Roman martyrs venerated as saints

Mark and Marcellian (Latin: Marcus et Marcellianus) are martyrs venerated as saints by the Roman Catholic Church and the Eastern Orthodox Church. Their cult is sometimes associated with that of Saints Tranquillinus, Martia, Nicostratus, Zoe, Castulus, and Tiburtius, though not in the official liturgical books of the Church, which mention only Mark and Marcellianus (in first place) among the saints for 18 June. Their mention in the General Roman Calendar on that date from before the time of the Tridentine calendar was removed in the 1969 revision, because nothing is known about them except their names, the fact of their martyrdom, and that they were buried on 18 June in the cemetery of Santa Balbina on the Via Ardeatina.

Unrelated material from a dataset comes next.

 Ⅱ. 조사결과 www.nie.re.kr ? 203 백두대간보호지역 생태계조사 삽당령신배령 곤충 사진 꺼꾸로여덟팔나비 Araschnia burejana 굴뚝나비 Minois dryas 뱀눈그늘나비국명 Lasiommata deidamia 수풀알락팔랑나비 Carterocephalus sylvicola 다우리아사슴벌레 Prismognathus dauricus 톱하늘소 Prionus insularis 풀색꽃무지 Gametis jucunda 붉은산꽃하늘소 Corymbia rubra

Their legend states that they were martyred at Rome under the Emperor Diocletian towards the end of the third century, most likely in the year 286. They are mentioned in most of the ancient martyrologies, including the Roman Martyrology, and their martyrdom is described in the Acts of St Sebastian, which, though ancient, is largely legendary.

==Legend==
According to tradition, Mark and Marcellian were twin brothers from a distinguished family. They lived in Rome and became deacons in the early Church. When they refused to sacrifice to the Roman gods, they were arrested. Their parents, Tranquillinus and Martia, visited them in prison, urging them to renounce their being Christians.

However, Sebastian convinced them not to abandon their faith. Sebastian converted Tranquillinus and Martia, as well as Tiburtius, the son of Agrestius Chromatius, allegedly prefect of Rome. Nicostratus, another official, and his wife Zoe, were also converted. According to the legend, Zoe had been a mute for six years. However, she made known to Sebastian her desire to convert to the Church. As soon as she had, her speech returned to her. Nicostratus then brought the rest of the prisoners; these were sixteen people who were also converted by Sebastian.

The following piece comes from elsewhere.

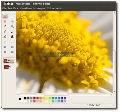 Gnome-Paint è un semplice applicazione specifica per disegnare ispirata a MS-Paint, grazie al quale possiamo disegnare, colorare e modificare immagini. È possibile utilizzare Gnome-Paint come un blocco per schizzi digitale per creare immagini semplici e progetti creativi oppure per aggiungere testo ed effetti grafici ad altre immagini, ad esempio a quelle acquisite con la fotocamera digitale. Alcuni strumenti, come la matita, il pennello, la linea e la curva, consentono di creare una vasta gamma di linee rette, curve e ondulate; altri invece come il rettangolo e l’ellisse, consentono di aggiungere forme al disegno.
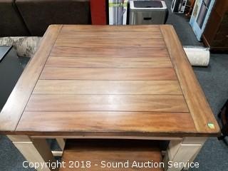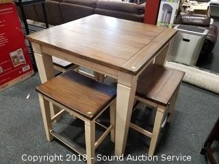 Approx. 36" H, 36" square. Has matching stool style chairs.

Chromatius and Tiburtius became converts, and Chromatius set free all his prisoners, resigned his position, and retired to Campania.

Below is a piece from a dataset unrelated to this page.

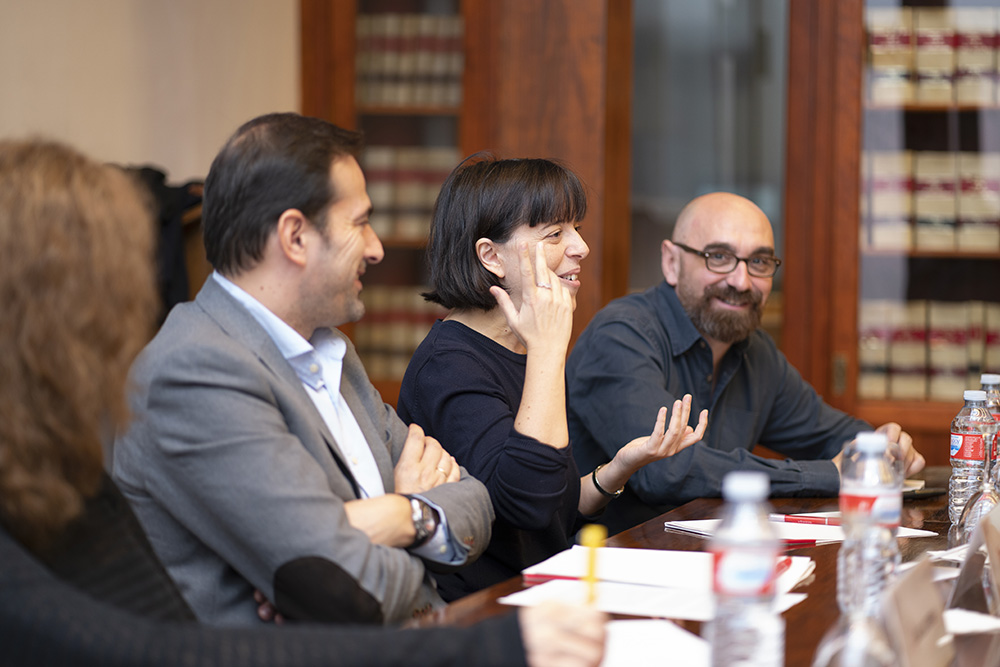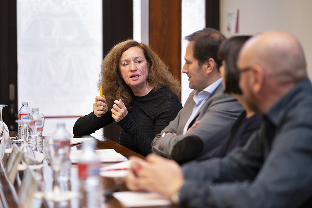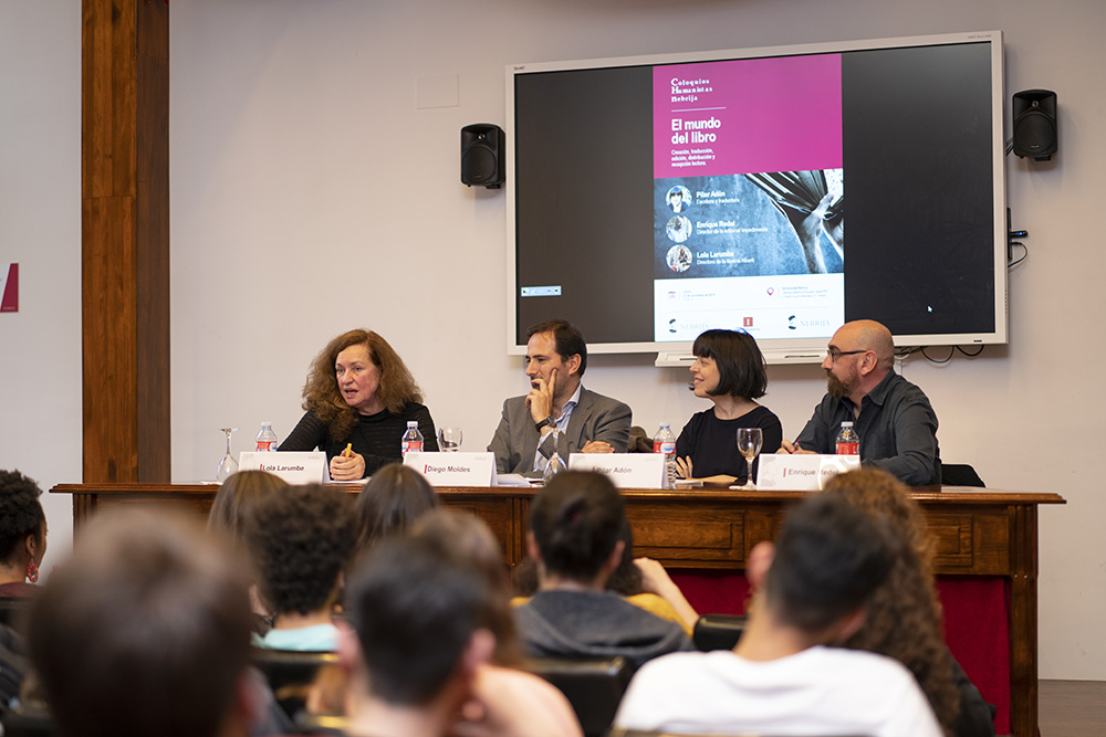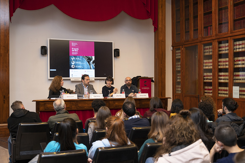 La Fundación Antonio de Nebrija ha puesto en marcha una serie de coloquios humanistas que reúne a expertos y profesionales de distintas industrias culturales. El primero de ellos giró en torno a la industria editorial y congregó a la escritora y traductora Pilar Adón, el director de la Editorial Impedimenta, Enrique Redel y Lola Larumbe, responsable de la librería Alberti. Este tipo de coloquios pretende transmitir a los alumnos “la pasión por la cultura de la mano de profesionales que viven el día a día del sector”, explicó Diego Moldes, director de Relaciones Institucionales de la Fundación Antonio de Nebrija.

Mark and Marcellian were concealed by Castulus, a Christian officer, but they were betrayed by an apostate, Torquatus. The twins were again taken into custody. Chromatius's alleged successor Fabianus condemned them to be bound head downwards to two pillars with their feet nailed to them. Mark and Marcellian hung there for a full day until they were pierced with lances. The twins were buried in the Via Ardeatina, near the cemetery of Domitilla.

Meanwhile, Zoe was hung to the branch of a tree and a fire was kindled underneath her feet, and she was killed. Nicostratus and five others were drowned in the Tiber. Tiburtius was thrown into a ditch and buried alive.

==Veneration==
The bodies of Marcus and Marcellianus were moved, probably during the ninth century, to the Church of Santi Cosma e Damiano. They were discovered there in 1583 during the reign of Pope Gregory XIII.

The bodies remain there in a tomb, near an ancient painting of the two martyrs with a third person, who appears to be the Virgin Mary. In 1902, their basilica in the catacombs of Saint Balbina was rediscovered.